Exercise directions: Below are entries. Reproduce exactly the lines between the line holding "近日,科興制藥全資子公司-深" and the line holding "Fototapeta premium Thin", inclusive, and only those.

START Provided entries

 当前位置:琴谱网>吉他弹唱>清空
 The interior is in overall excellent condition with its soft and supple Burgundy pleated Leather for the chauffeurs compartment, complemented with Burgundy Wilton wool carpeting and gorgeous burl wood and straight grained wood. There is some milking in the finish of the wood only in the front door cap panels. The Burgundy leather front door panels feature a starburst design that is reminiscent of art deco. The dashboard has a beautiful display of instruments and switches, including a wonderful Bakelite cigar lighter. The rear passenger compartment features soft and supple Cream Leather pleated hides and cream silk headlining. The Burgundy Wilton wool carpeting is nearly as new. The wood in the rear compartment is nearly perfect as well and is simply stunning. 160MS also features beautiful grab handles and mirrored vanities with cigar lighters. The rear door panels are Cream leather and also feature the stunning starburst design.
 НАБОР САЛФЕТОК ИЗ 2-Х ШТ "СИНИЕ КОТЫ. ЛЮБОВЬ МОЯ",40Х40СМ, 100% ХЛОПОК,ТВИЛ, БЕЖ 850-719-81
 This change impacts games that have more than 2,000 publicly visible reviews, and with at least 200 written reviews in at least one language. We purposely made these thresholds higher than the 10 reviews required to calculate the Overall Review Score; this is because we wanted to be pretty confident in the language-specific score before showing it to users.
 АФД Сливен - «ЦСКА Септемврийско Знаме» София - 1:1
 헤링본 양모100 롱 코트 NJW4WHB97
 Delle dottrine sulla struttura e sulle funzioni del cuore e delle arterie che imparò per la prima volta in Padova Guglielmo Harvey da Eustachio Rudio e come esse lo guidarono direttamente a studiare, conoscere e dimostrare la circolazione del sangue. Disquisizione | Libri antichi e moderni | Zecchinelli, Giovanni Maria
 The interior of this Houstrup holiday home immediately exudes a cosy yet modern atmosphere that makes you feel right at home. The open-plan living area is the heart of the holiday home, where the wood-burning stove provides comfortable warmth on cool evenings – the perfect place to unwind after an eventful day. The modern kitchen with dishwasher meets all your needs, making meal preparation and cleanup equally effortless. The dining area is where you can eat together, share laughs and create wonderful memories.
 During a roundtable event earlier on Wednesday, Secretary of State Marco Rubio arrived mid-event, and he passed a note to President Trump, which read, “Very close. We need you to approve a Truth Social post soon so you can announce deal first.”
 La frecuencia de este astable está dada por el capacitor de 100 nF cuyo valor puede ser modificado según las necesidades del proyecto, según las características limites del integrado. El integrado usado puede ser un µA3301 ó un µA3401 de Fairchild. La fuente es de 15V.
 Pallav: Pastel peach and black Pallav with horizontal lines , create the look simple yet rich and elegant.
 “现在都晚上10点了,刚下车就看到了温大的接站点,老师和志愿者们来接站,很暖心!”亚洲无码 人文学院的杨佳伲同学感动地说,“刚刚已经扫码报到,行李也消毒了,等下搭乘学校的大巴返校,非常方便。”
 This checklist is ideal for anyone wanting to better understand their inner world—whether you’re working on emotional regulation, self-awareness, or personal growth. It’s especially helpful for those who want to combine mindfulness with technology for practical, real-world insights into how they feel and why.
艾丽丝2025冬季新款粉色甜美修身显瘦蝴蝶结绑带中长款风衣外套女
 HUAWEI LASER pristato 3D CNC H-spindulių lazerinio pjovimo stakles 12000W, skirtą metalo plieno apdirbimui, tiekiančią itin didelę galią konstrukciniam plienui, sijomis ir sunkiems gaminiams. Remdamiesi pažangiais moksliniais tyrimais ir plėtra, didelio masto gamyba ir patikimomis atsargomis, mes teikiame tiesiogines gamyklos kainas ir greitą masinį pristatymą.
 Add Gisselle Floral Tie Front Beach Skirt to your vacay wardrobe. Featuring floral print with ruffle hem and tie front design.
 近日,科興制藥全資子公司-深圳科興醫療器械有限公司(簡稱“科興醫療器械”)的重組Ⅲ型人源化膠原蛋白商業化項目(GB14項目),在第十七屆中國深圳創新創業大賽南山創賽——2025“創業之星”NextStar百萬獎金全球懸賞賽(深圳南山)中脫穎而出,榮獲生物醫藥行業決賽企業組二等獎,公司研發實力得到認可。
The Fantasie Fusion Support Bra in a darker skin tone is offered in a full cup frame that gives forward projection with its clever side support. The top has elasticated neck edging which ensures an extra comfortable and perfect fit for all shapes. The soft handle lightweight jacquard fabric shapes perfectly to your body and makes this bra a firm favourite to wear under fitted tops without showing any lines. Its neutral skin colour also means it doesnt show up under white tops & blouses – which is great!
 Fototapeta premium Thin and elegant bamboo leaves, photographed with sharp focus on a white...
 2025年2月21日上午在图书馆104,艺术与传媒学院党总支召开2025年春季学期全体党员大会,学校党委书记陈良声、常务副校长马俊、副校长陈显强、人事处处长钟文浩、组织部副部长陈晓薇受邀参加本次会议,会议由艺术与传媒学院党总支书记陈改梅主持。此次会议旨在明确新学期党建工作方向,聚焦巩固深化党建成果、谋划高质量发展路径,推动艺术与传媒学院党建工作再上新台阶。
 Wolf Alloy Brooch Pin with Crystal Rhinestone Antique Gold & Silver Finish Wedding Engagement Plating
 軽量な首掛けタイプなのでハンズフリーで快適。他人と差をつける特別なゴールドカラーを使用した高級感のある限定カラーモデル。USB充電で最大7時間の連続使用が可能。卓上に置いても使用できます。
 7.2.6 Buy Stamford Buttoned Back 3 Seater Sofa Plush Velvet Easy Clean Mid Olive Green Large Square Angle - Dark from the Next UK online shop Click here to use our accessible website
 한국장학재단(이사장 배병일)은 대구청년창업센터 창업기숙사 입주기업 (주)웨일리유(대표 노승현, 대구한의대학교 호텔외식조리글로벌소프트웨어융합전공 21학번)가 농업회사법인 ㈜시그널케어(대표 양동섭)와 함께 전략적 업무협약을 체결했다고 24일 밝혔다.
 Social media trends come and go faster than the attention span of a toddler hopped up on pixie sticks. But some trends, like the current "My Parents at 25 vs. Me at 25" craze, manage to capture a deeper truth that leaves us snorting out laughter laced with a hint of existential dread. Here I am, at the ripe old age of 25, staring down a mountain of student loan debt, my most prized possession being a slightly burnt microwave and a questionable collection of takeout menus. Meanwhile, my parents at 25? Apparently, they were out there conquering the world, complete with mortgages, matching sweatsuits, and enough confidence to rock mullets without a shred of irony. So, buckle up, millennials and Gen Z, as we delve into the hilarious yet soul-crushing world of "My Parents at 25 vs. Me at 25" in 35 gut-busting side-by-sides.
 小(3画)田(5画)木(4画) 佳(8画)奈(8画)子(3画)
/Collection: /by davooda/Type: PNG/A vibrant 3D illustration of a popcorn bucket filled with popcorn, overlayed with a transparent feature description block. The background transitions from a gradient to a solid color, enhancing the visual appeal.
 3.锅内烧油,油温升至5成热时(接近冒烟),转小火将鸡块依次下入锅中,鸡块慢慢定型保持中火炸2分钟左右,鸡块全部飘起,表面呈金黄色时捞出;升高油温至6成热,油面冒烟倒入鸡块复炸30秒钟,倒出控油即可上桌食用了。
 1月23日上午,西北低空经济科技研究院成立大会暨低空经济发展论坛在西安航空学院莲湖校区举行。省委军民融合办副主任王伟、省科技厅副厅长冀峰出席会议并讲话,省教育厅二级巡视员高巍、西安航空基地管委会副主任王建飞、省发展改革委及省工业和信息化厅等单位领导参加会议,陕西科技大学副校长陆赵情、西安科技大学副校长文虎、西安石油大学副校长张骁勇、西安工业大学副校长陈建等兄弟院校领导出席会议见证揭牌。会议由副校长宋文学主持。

END Provided entries

Solution below:
 近日,科興制藥全資子公司-深圳科興醫療器械有限公司(簡稱“科興醫療器械”)的重組Ⅲ型人源化膠原蛋白商業化項目(GB14項目),在第十七屆中國深圳創新創業大賽南山創賽——2025“創業之星”NextStar百萬獎金全球懸賞賽(深圳南山)中脫穎而出,榮獲生物醫藥行業決賽企業組二等獎,公司研發實力得到認可。
The Fantasie Fusion Support Bra in a darker skin tone is offered in a full cup frame that gives forward projection with its clever side support. The top has elasticated neck edging which ensures an extra comfortable and perfect fit for all shapes. The soft handle lightweight jacquard fabric shapes perfectly to your body and makes this bra a firm favourite to wear under fitted tops without showing any lines. Its neutral skin colour also means it doesnt show up under white tops & blouses – which is great!
 Fototapeta premium Thin and elegant bamboo leaves, photographed with sharp focus on a white...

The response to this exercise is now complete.